Starting at the line that contains "Generic 14K Solid", copy every line through the end of the records below exactly as written, leaving out pictures.

(Data listing Opens)

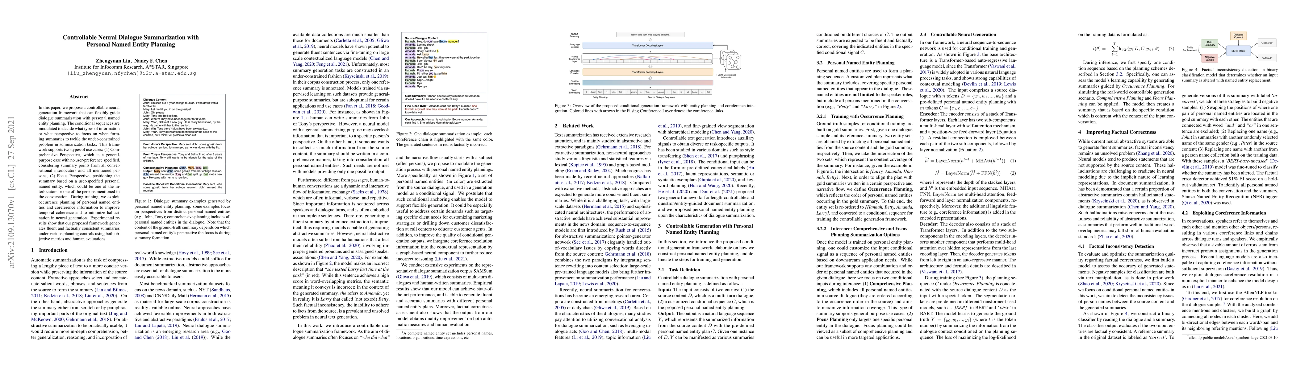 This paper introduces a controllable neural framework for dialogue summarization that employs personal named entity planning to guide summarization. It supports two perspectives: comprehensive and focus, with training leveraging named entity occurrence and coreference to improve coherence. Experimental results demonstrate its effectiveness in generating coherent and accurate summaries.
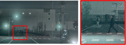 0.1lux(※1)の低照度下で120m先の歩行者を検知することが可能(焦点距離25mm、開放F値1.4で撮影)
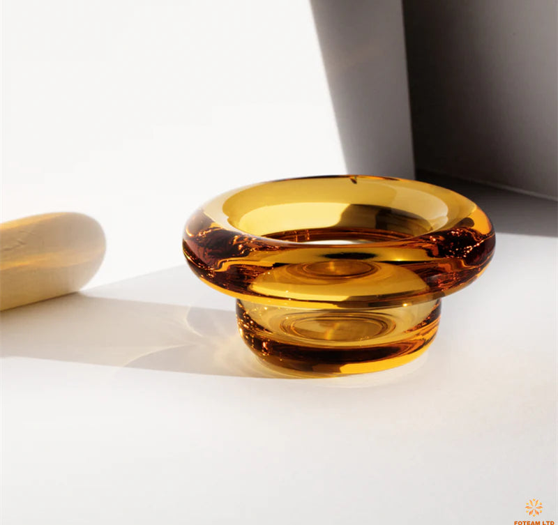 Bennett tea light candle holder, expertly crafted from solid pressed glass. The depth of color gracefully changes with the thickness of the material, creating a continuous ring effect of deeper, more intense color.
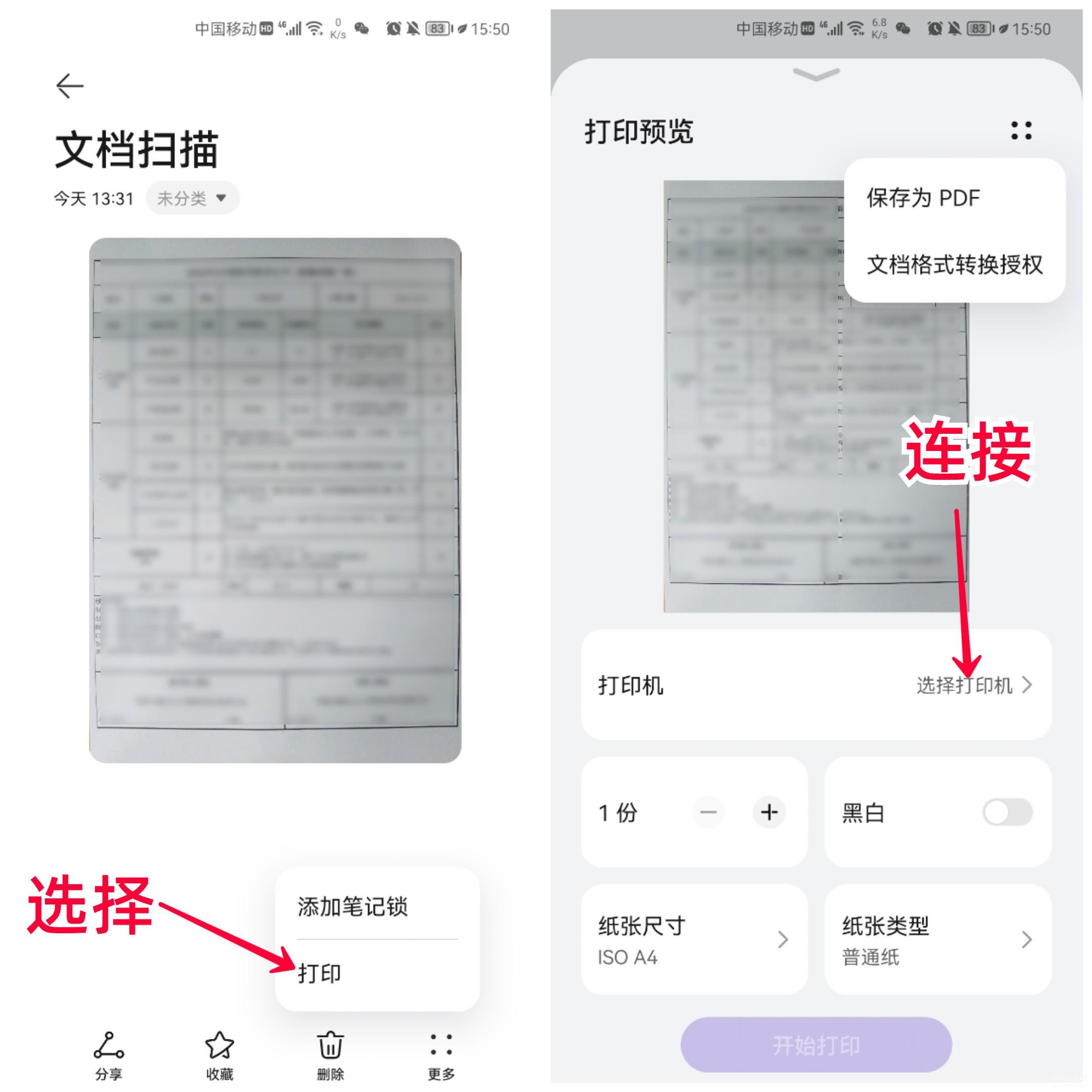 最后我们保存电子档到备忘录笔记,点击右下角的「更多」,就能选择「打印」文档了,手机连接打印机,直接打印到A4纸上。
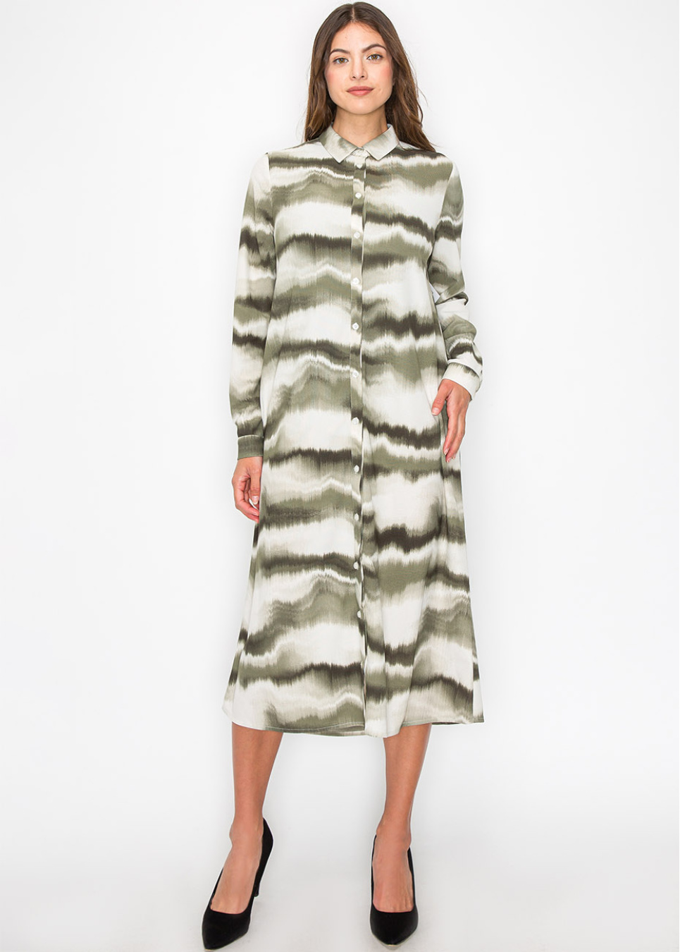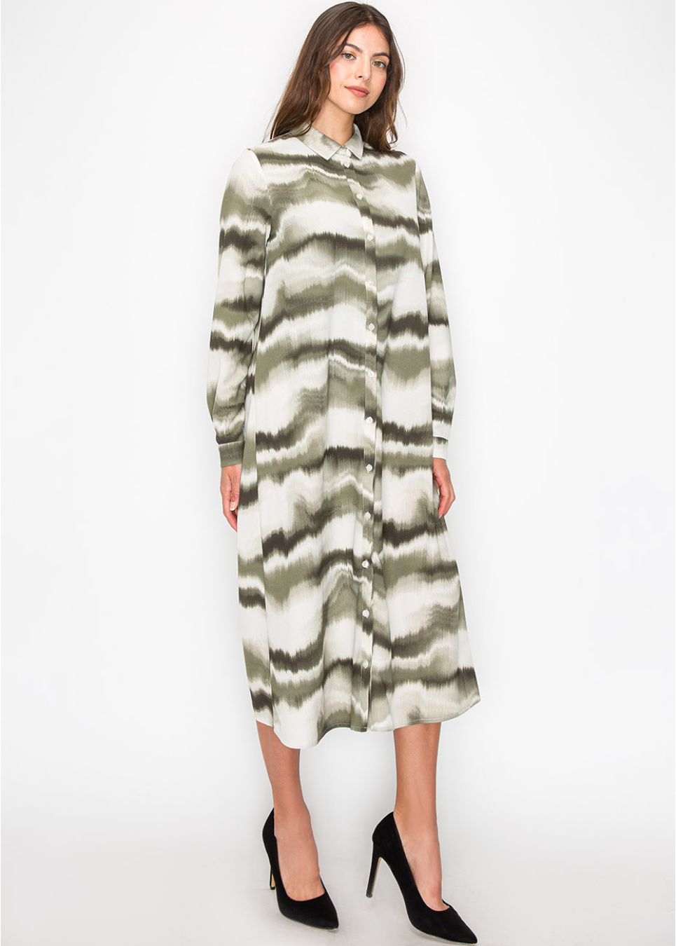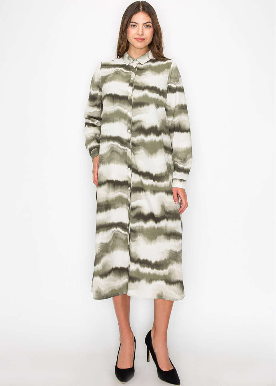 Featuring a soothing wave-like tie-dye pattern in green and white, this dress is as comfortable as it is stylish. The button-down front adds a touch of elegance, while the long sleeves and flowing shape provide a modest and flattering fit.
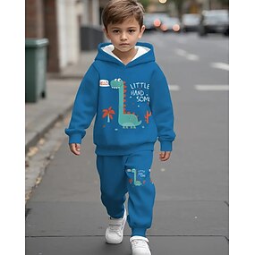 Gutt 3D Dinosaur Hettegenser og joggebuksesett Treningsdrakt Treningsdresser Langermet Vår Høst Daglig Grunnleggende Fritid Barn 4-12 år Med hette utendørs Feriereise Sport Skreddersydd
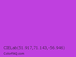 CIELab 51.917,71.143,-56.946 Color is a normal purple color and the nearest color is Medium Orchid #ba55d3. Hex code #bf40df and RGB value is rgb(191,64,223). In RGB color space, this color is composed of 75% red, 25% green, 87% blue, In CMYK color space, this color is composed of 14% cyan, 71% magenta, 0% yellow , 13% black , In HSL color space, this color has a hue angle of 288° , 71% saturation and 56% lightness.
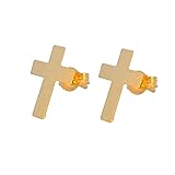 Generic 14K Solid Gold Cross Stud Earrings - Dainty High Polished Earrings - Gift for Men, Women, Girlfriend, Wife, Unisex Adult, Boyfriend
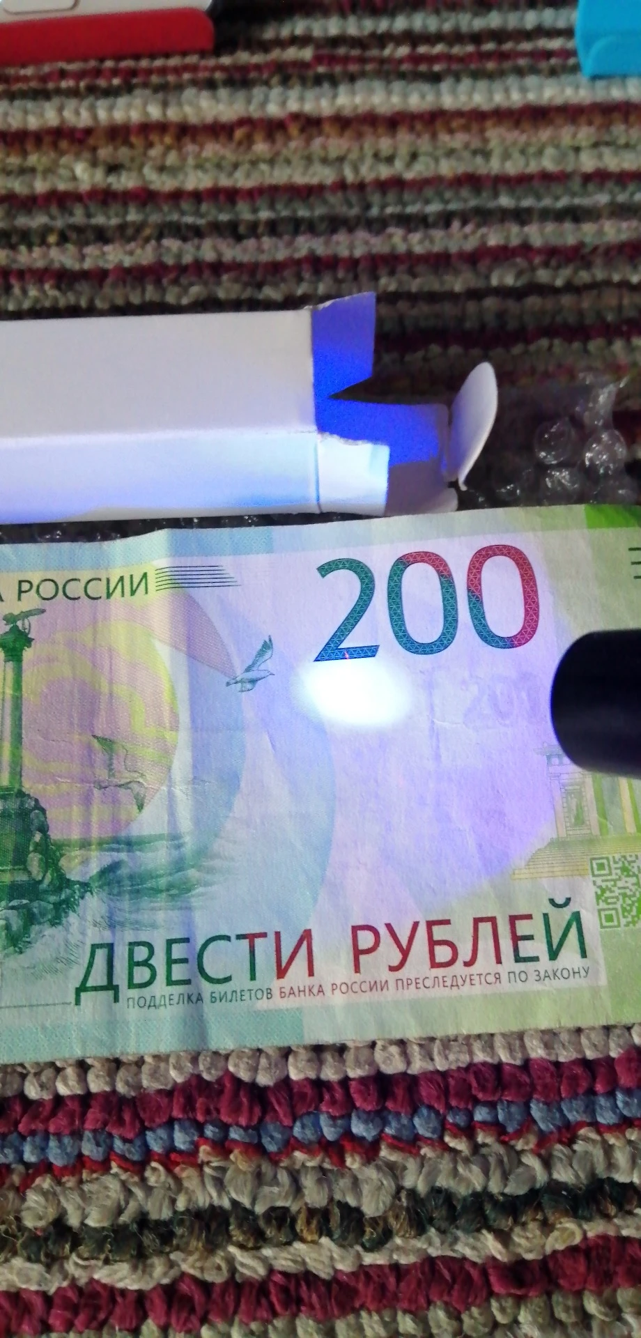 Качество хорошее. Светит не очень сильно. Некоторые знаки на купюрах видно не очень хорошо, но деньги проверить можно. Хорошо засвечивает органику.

(Data listing Closes)

**Result below**
 Generic 14K Solid Gold Cross Stud Earrings - Dainty High Polished Earrings - Gift for Men, Women, Girlfriend, Wife, Unisex Adult, Boyfriend
 Качество хорошее. Светит не очень сильно. Некоторые знаки на купюрах видно не очень хорошо, но деньги проверить можно. Хорошо засвечивает органику.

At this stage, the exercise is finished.